DATA FOR PROCESSING:

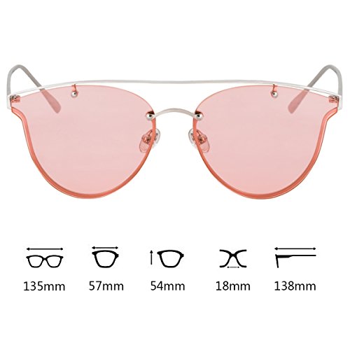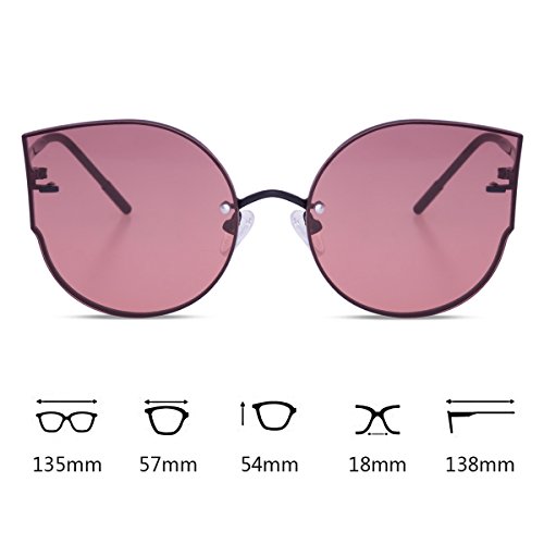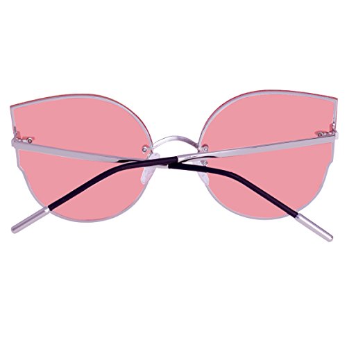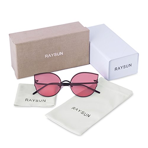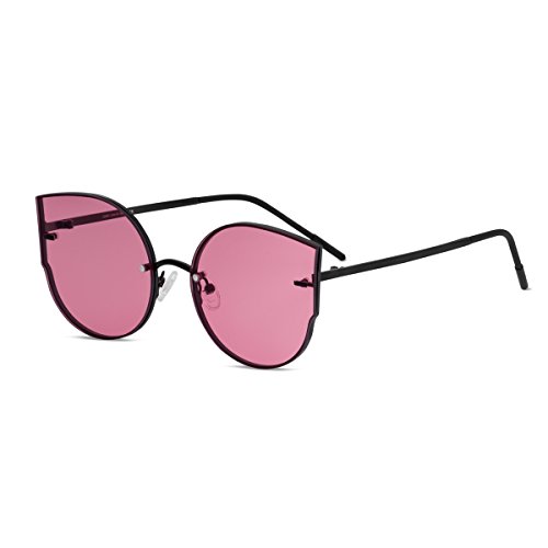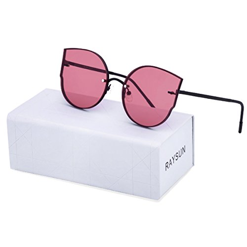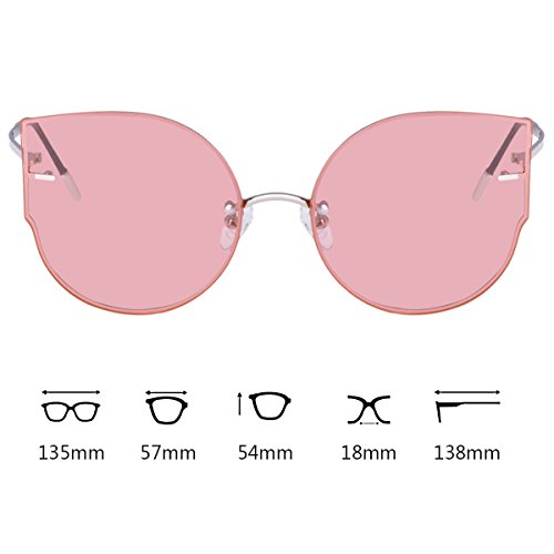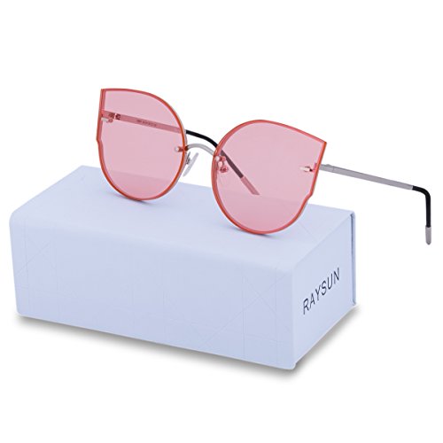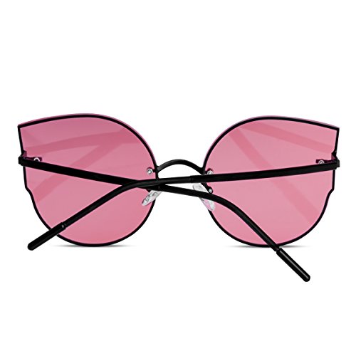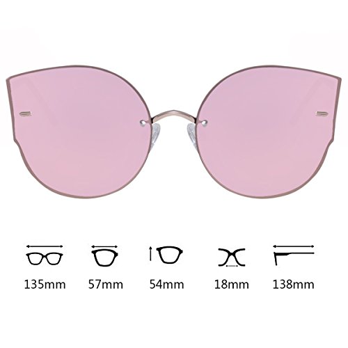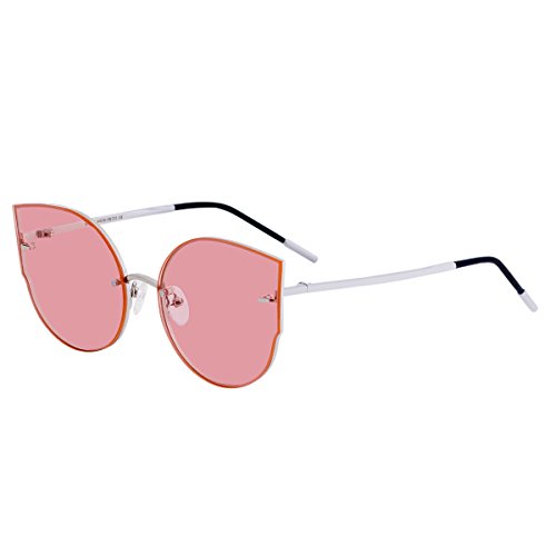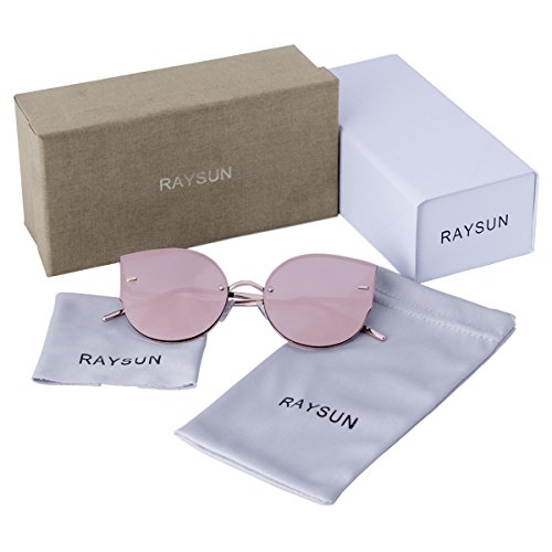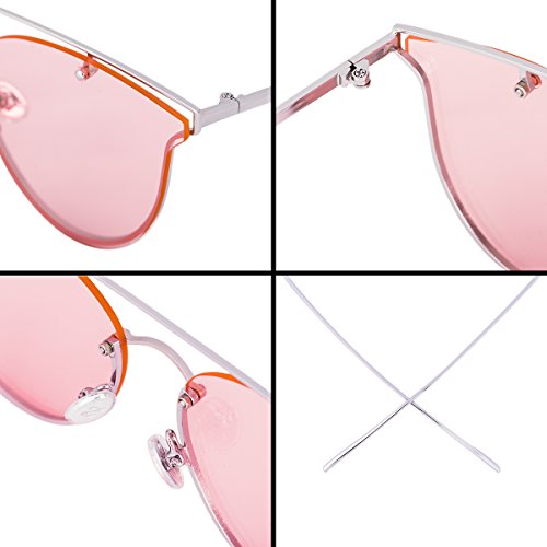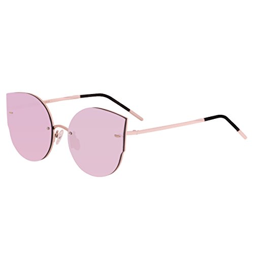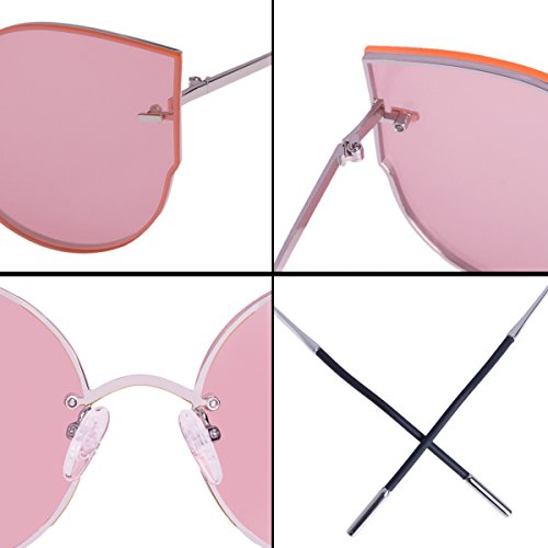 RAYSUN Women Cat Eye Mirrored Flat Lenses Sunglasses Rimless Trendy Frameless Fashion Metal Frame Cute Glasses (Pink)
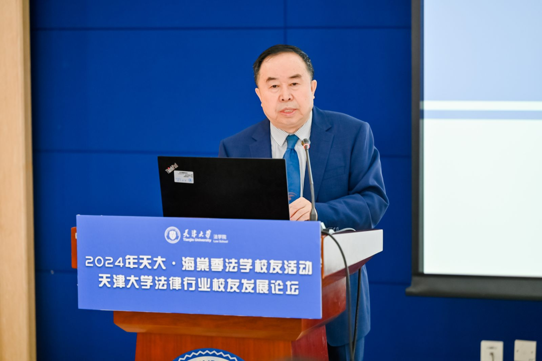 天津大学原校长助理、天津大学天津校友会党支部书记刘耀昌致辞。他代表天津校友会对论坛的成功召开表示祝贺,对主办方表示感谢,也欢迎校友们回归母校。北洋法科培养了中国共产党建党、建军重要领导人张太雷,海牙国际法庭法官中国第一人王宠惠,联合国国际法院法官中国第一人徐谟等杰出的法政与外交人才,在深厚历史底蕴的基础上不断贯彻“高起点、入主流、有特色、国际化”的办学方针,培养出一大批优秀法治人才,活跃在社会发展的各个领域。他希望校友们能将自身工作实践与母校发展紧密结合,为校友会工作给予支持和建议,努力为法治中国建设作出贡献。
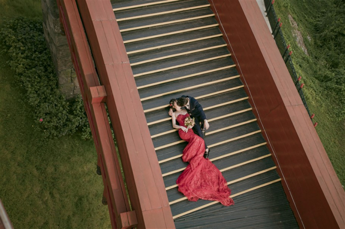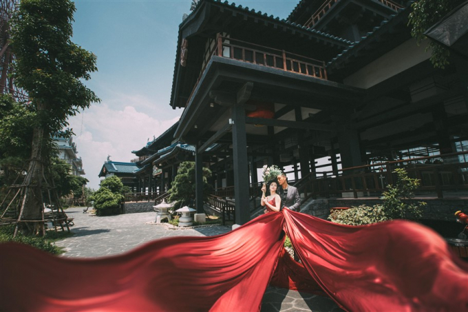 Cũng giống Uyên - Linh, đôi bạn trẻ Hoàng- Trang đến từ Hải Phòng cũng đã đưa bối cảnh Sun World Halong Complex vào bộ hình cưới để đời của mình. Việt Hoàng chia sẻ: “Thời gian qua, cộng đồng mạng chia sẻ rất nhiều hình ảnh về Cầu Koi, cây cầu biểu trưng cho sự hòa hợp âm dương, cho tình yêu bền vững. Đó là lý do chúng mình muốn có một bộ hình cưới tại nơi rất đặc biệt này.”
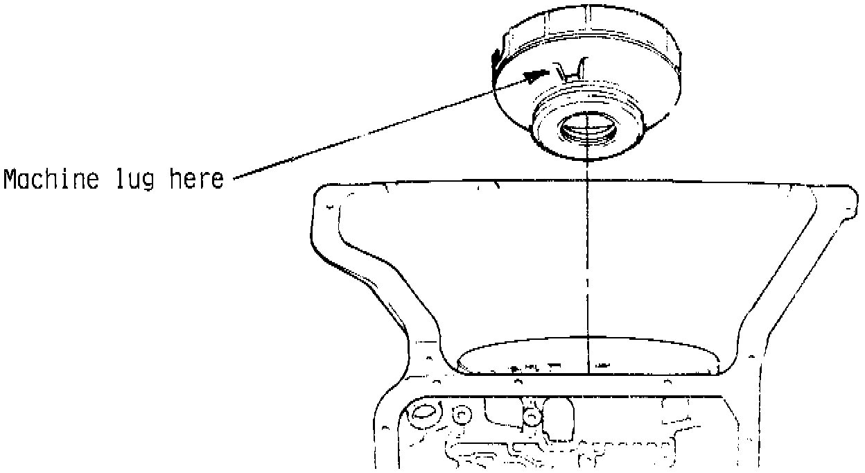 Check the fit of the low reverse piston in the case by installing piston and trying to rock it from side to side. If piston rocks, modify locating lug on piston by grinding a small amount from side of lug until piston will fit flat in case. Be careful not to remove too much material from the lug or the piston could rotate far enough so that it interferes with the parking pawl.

* * *

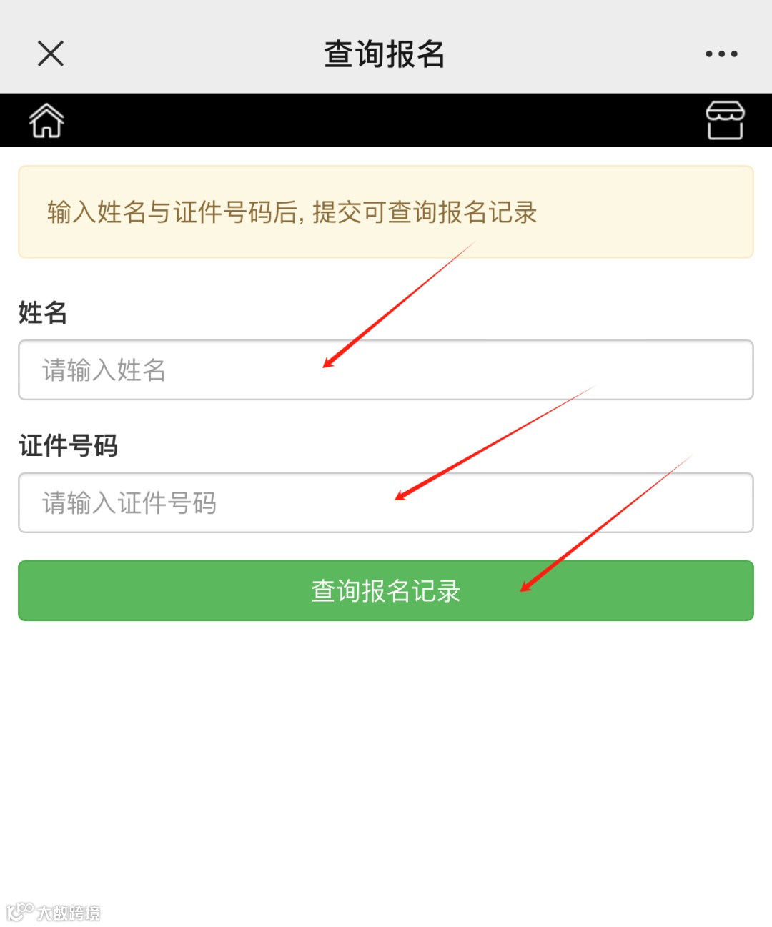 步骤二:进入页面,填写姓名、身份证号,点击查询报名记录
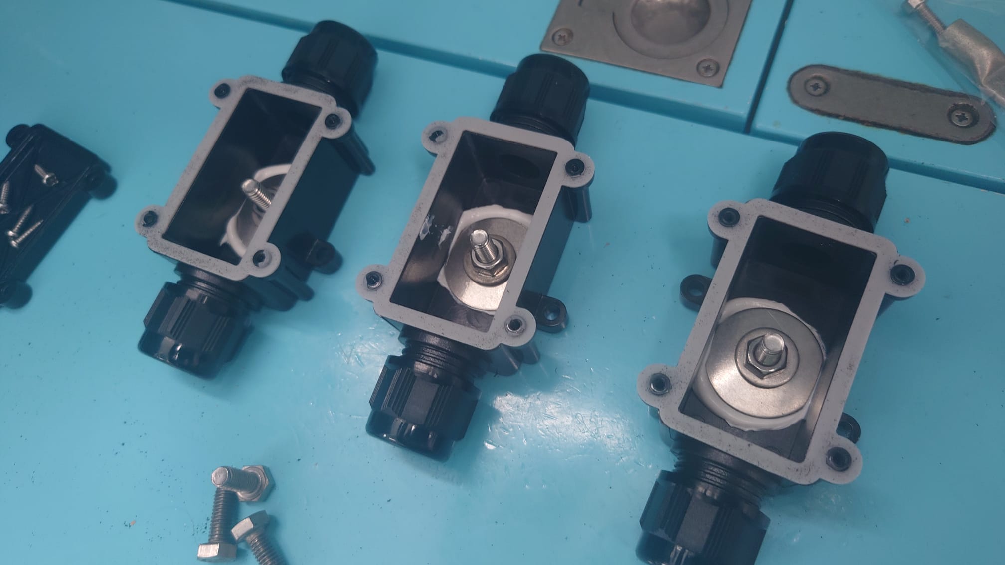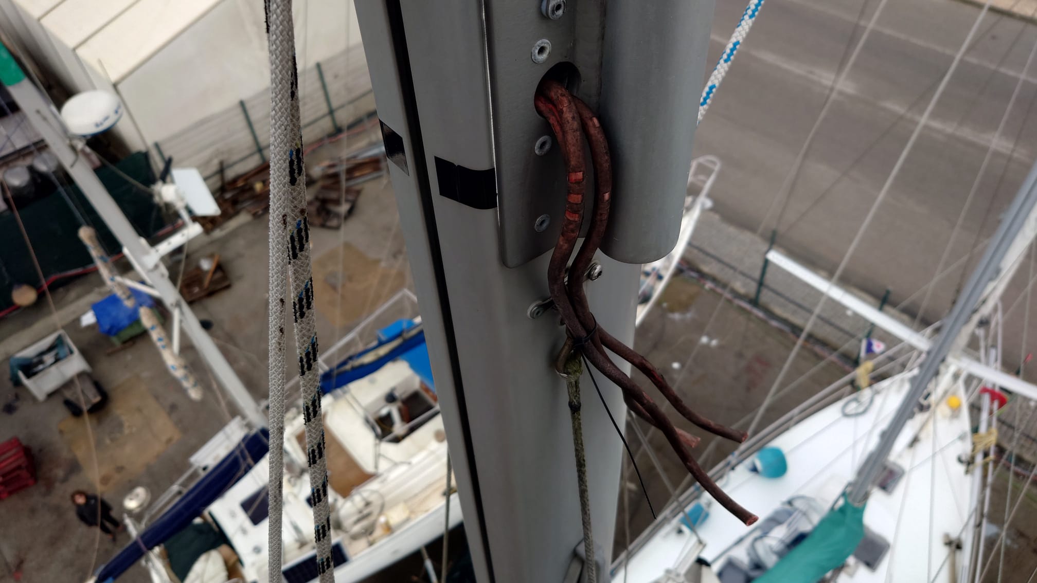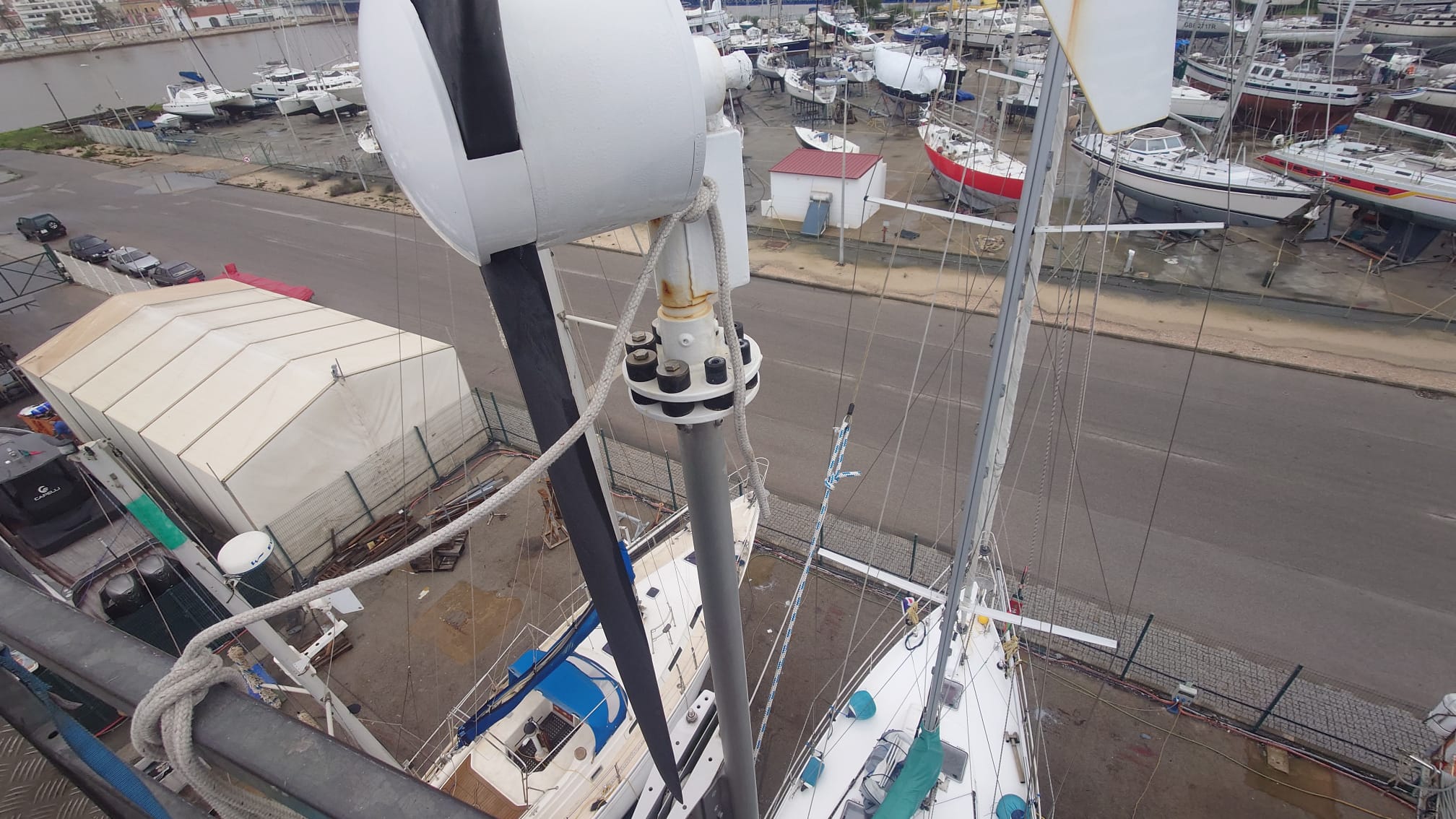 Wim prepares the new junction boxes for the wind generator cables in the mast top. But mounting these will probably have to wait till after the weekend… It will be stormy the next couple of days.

TASK TO CARRY OUT: Print, exactly and with no pictures, the lines of the listing above starting at the one that has "RAYSUN Women Cat" and ending at the one that has "Check the fit", both included.

SOLUTION TO THE EXERCISE:
 RAYSUN Women Cat Eye Mirrored Flat Lenses Sunglasses Rimless Trendy Frameless Fashion Metal Frame Cute Glasses (Pink)
 天津大学原校长助理、天津大学天津校友会党支部书记刘耀昌致辞。他代表天津校友会对论坛的成功召开表示祝贺,对主办方表示感谢,也欢迎校友们回归母校。北洋法科培养了中国共产党建党、建军重要领导人张太雷,海牙国际法庭法官中国第一人王宠惠,联合国国际法院法官中国第一人徐谟等杰出的法政与外交人才,在深厚历史底蕴的基础上不断贯彻“高起点、入主流、有特色、国际化”的办学方针,培养出一大批优秀法治人才,活跃在社会发展的各个领域。他希望校友们能将自身工作实践与母校发展紧密结合,为校友会工作给予支持和建议,努力为法治中国建设作出贡献。
 Cũng giống Uyên - Linh, đôi bạn trẻ Hoàng- Trang đến từ Hải Phòng cũng đã đưa bối cảnh Sun World Halong Complex vào bộ hình cưới để đời của mình. Việt Hoàng chia sẻ: “Thời gian qua, cộng đồng mạng chia sẻ rất nhiều hình ảnh về Cầu Koi, cây cầu biểu trưng cho sự hòa hợp âm dương, cho tình yêu bền vững. Đó là lý do chúng mình muốn có một bộ hình cưới tại nơi rất đặc biệt này.”
 Check the fit of the low reverse piston in the case by installing piston and trying to rock it from side to side. If piston rocks, modify locating lug on piston by grinding a small amount from side of lug until piston will fit flat in case. Be careful not to remove too much material from the lug or the piston could rotate far enough so that it interferes with the parking pawl.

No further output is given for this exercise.